Bloggers like me warn customers about ‘false clouds,’ or ‘cloud washing.’ I see something different here. In this case, cloud is not just a way of accessing Panaya’s applications – it’s about making those applications continuously smarter from collective use. That’s a characteristic folks like me look for in true cloud solutions. But it’s not about the technology for its own sake – it’s about an improved customer experience.
For longer than I’ve known Panaya, I’ve seen IT departments struggling with the maintenance chores of enterprise software. It’s not just the big upgrades – thousands of patches and enhancements bog down IT shops. The lazy assumption is that IT is out of step with the business. But the truth is more unsettling: most IT leaders do see the urgency of collaborating with business. But they rarely have the time. When you’re caught up in system maintenance, you’re stuck under the hood of the car while others plot the journey ahead.
I see Panaya as one of the few companies that really attacks that problem, helping IT to reduce “maintenance mode” time, freeing IT teams to focus on business-relevant projects – at least most of the time.

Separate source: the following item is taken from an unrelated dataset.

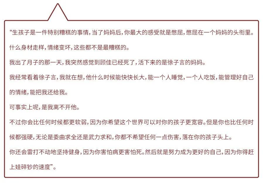 人生不是童話。王子公主幸福的生活在一起之后,還會(huì)有柴米油鹽的日常,畢業(yè)、工作、結(jié)婚、生子,并不只是“打了卡”就結(jié)束了 。每一個(gè)都是一個(gè)全新責(zé)任,需要自己去經(jīng)營(yíng)、去面對(duì)。特別是成為母親之后,要負(fù)擔(dān)起的不僅僅是一個(gè)人的溫飽,還要去幫助寶貝認(rèn)識(shí)世界。站在 30+ 歲的年紀(jì),不管以前你多么剛毅,只要你一成為母親,寶貝就是你的軟肋,你時(shí)刻關(guān)注寶寶喜歡什么,不喜歡什么,特別是寶寶不愛(ài)吃飯的時(shí)候,會(huì)更加不安、緊張、焦慮、迷茫。

I wasn’t always sure about this. But I’ve heard from enough Panaya customers who have been able to improve the IT/business relationship that I’m now persuaded: IT change is possible, even in complex legacy environments. (Most of the interviews I’ve conducted with Panaya’s customers took place without a Panaya employee on the line, giving me the chance to ask them anything – which of course I did).
Look, none of this is easy. I don’t believe in magic technology dust you can sprinkle on corporate problems. But when an IT team can move from “We’re years behind on patches,” to “We finally have a structure for patching and testing that works,” then they are in the game.
In recent years, Panaya has taken this further. Its collaborative testing solutions (along with functional testing support), offer IT, Q/A, and business an integrated testing process. Business users are vital to successful testing – but guess what? They hate the clunky testing tools of yesteryear.
We’re now into the first generation of testing tools that are truly business user-friendly. I am looking forward to hearing what customers have to say about it.